(Information given)

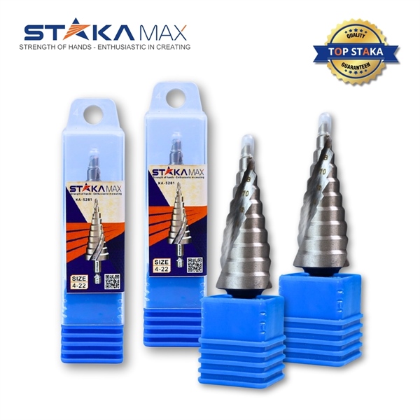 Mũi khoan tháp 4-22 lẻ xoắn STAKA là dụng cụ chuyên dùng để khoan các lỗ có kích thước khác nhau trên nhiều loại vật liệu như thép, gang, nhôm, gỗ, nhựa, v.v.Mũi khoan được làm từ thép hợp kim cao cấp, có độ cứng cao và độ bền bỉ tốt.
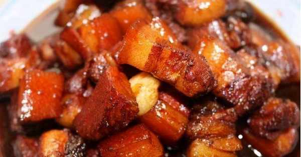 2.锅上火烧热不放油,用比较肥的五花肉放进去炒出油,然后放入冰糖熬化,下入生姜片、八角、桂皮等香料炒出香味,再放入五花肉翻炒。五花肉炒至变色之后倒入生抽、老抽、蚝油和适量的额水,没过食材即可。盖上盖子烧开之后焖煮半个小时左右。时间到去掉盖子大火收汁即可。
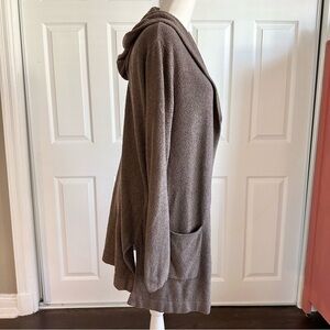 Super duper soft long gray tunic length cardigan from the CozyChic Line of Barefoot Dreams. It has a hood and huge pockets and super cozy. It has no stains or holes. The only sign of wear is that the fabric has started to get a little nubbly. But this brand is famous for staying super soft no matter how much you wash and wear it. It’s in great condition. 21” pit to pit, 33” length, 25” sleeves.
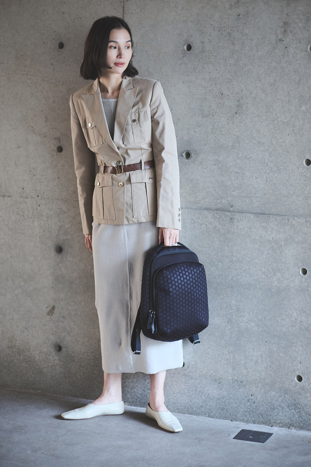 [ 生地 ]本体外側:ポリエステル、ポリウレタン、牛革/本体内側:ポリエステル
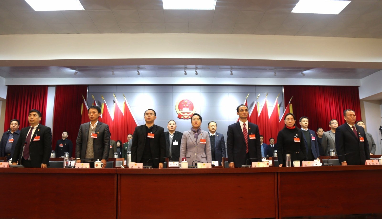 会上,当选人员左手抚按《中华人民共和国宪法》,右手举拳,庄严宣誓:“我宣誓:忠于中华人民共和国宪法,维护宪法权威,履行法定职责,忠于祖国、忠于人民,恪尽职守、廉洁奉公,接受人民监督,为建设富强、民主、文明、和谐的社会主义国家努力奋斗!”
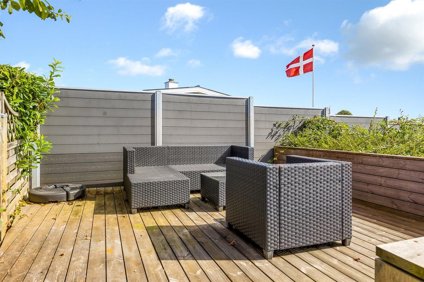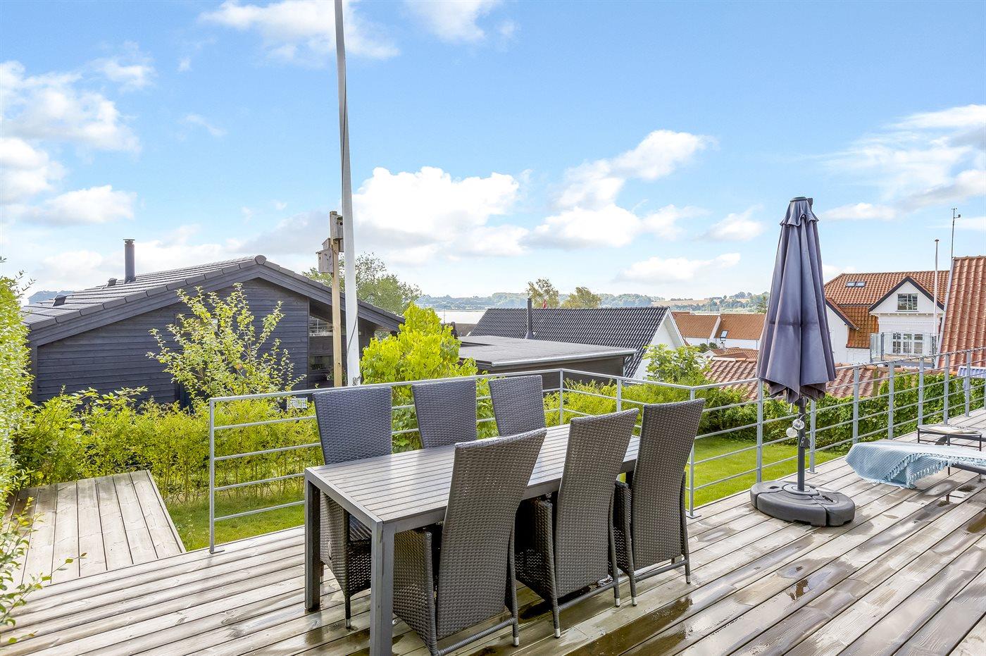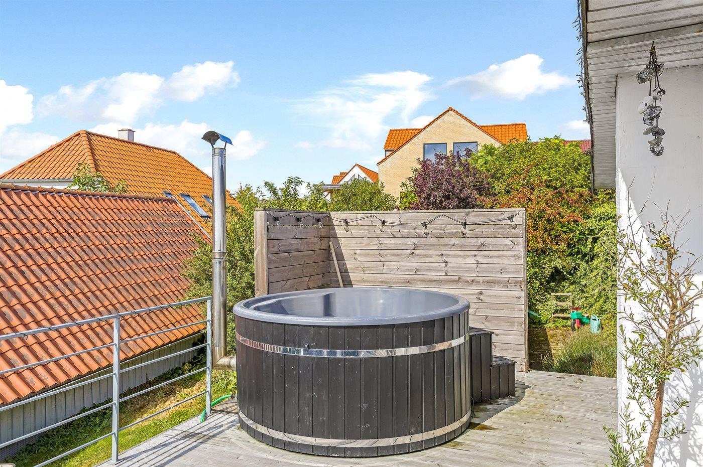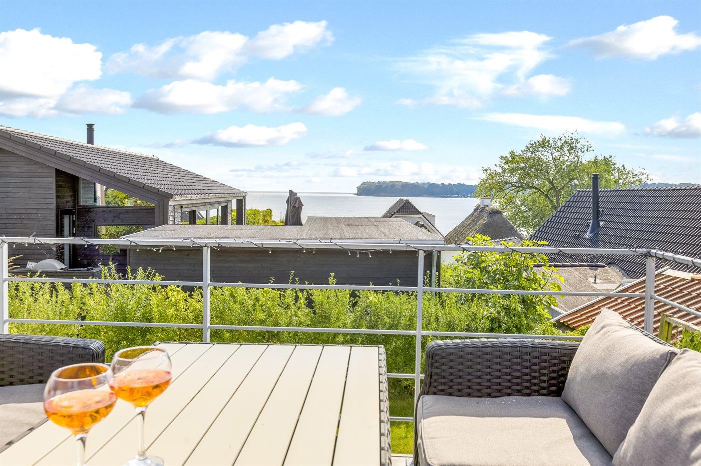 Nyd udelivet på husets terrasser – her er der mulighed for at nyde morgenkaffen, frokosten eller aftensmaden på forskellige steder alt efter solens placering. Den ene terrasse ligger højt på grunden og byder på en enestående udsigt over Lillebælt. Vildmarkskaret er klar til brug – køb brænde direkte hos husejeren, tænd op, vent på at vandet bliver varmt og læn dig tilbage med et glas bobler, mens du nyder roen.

(End Information given)

Goal of the exercise: No pictures go in the copy. Set down all the data exactly.

Solution:
 Mũi khoan tháp 4-22 lẻ xoắn STAKA là dụng cụ chuyên dùng để khoan các lỗ có kích thước khác nhau trên nhiều loại vật liệu như thép, gang, nhôm, gỗ, nhựa, v.v.Mũi khoan được làm từ thép hợp kim cao cấp, có độ cứng cao và độ bền bỉ tốt.
 2.锅上火烧热不放油,用比较肥的五花肉放进去炒出油,然后放入冰糖熬化,下入生姜片、八角、桂皮等香料炒出香味,再放入五花肉翻炒。五花肉炒至变色之后倒入生抽、老抽、蚝油和适量的额水,没过食材即可。盖上盖子烧开之后焖煮半个小时左右。时间到去掉盖子大火收汁即可。
 Super duper soft long gray tunic length cardigan from the CozyChic Line of Barefoot Dreams. It has a hood and huge pockets and super cozy. It has no stains or holes. The only sign of wear is that the fabric has started to get a little nubbly. But this brand is famous for staying super soft no matter how much you wash and wear it. It’s in great condition. 21” pit to pit, 33” length, 25” sleeves.
 [ 生地 ]本体外側:ポリエステル、ポリウレタン、牛革/本体内側:ポリエステル
 会上,当选人员左手抚按《中华人民共和国宪法》,右手举拳,庄严宣誓:“我宣誓:忠于中华人民共和国宪法,维护宪法权威,履行法定职责,忠于祖国、忠于人民,恪尽职守、廉洁奉公,接受人民监督,为建设富强、民主、文明、和谐的社会主义国家努力奋斗!”
 Nyd udelivet på husets terrasser – her er der mulighed for at nyde morgenkaffen, frokosten eller aftensmaden på forskellige steder alt efter solens placering. Den ene terrasse ligger højt på grunden og byder på en enestående udsigt over Lillebælt. Vildmarkskaret er klar til brug – køb brænde direkte hos husejeren, tænd op, vent på at vandet bliver varmt og læn dig tilbage med et glas bobler, mens du nyder roen.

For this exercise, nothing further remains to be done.